Field testing the new app at QUT SERF, Camp Mountain

There was an error in our previous article published in the 22 July edition of The Village Pump. The 149th bird species seen feeding on the white fruit of Psychotria in zone P2 at the Eco-Corridor was a female Regent Bowerbird, which would have come down from Mt Glorious, not the critically endangered Regent Honeyeater, which is a nomadic woodland species that feeds mostly on nectar from eucalypts.

Some readers may have noticed that the wooden Eco-Corridor sign above the carpark is missing. It is being repaired by the Men’s Shed because parts of the back of the sign had rotted quite badly. We will need to upgrade our maintenance schedule to make sure this doesn’t happen again.

Attendance at our monthly bushcare on Sunday 10 July was decimated by illness, but the few volunteers who made it along did a great job weeding around the new plants on the riverbank. Because we are unable to mulch this section, we will need to do a lot of hand weeding over the next 2 years until the rainforest canopy closes. After that, weeding will be minimal, as it is now in rainforest zones P1 and P2. With the unseasonal rain, we will need a much bigger turn out at our next bushcare working bee from 2 to 4 pm on Sunday 14 August if we are going to keep on top of the weeds, so we hope to see you there.

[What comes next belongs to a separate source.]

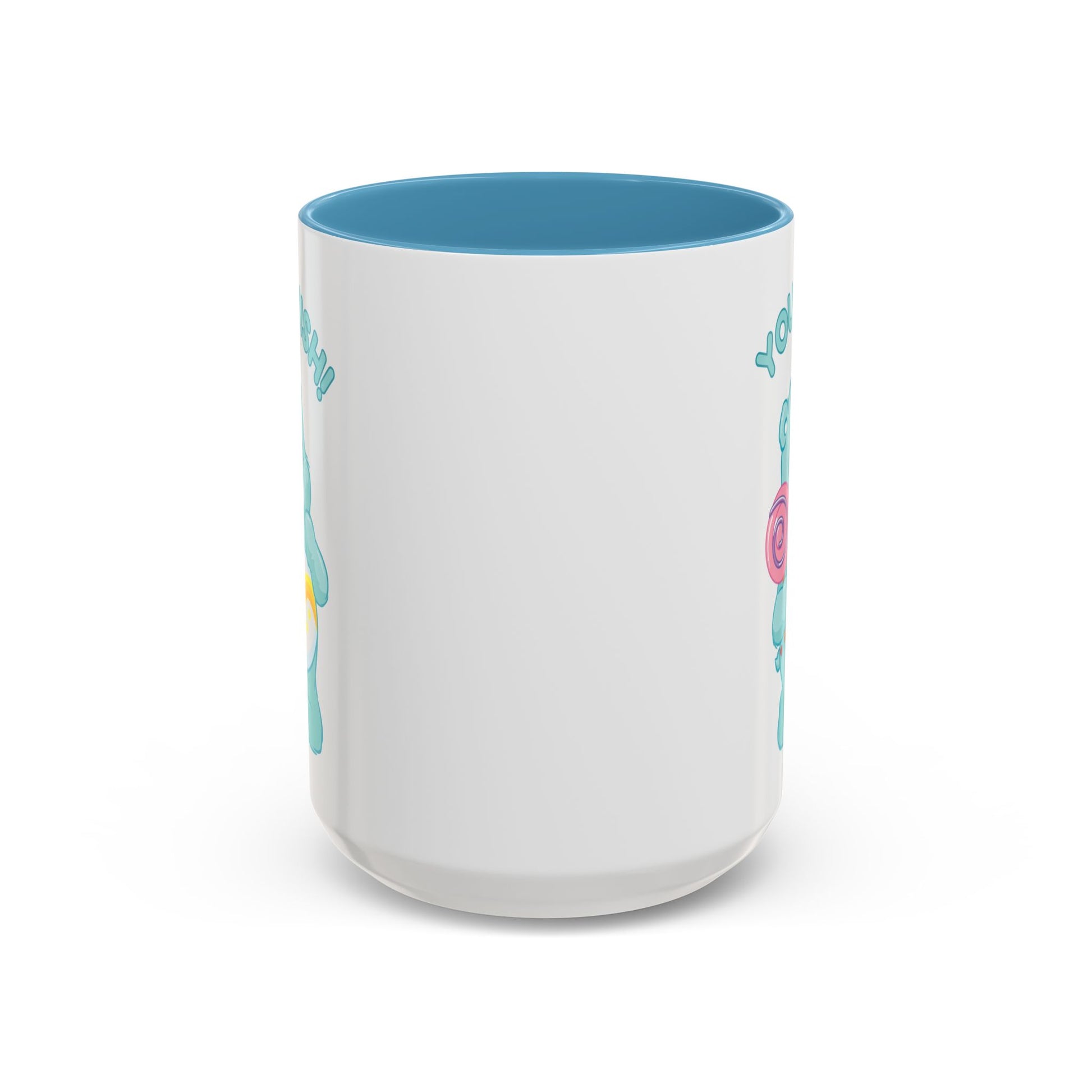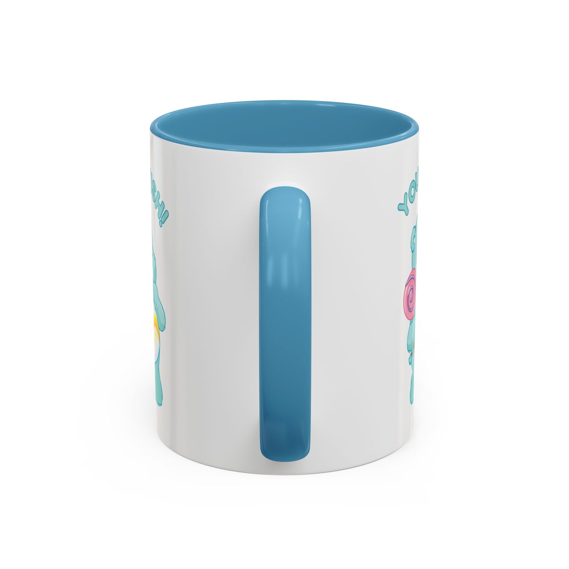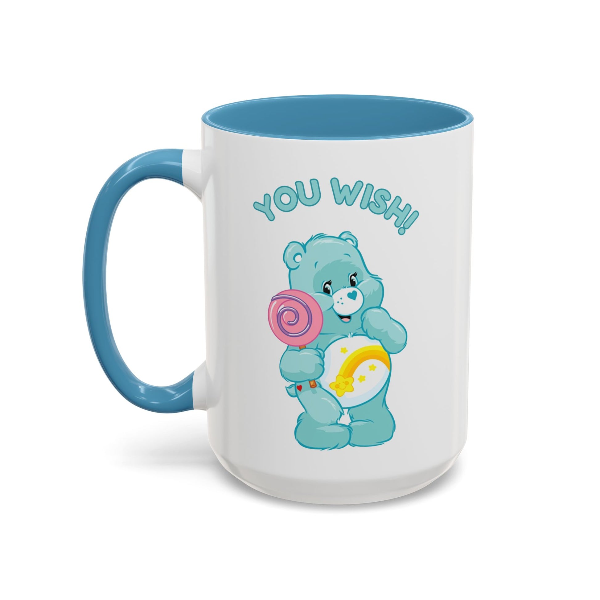 A cheerful ceramic mug that brings a playful, nostalgic vibe to morning coffee or late-night cocoa. Bright, high-contrast colors wrap a happy teal bear holding a lollipop and smiling with a wink beneath the phrase “YOU WISH!” The colored interior and handle add a fun pop that complements the glossy white exterior. Lightweight but sturdy, it feels familiar in hand with a comfortable C-shaped handle — great for a quick pick-me-up at the desk or a warm cup while curled up with a favorite show.

On 19 July, some of our Eco-Corridor birdwatchers spent a morning at QUT SERF, Camp Mountain testing the new app for data entry, as part of our pilot citizen science project with TERN. We were joined by our project leader Dr Katie Irvine and Operations Manager Dr Sally O’Neill, both from Adelaide, and Jazmin Malcolm, Communications Officer based in Brisbane. The app will replace the manual paper data sheets we currently use in the field. We trialled the app on a tablet by surveying two TERN vegetation plots using the 2 hectares in 20 minutes method. We hope to be able to use the app on a mobile in future.

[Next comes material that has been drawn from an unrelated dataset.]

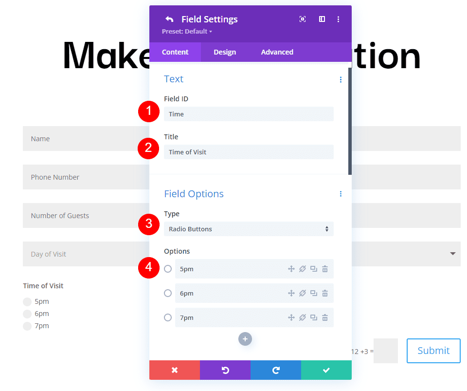 First, edit the Title Text to show “Make a Reservation.” Highlight the portion of text you don’t want and click the Delete key.

Data entry was fairly slow at first as we got used to the various drop-down options in the app. We found a few minor bugs in the beta version, which should be fixed before our next quarterly bird survey of the vegetation plots at SERF due late in August. Once the app has been thoroughly tested, the project will begin to roll out nationally, using citizen scientists (in this case, experienced birdwatchers) to carry out bird surveys at some of TERN’s 700 sites throughout Australia. This will enable much more data to be collected than researchers would be able to achieve on their own. The final app will be open source, so will be available for use by any group carrying our bird surveys using the BirdLife 1 ha/20 min method, so the benefits will extend well beyond this project.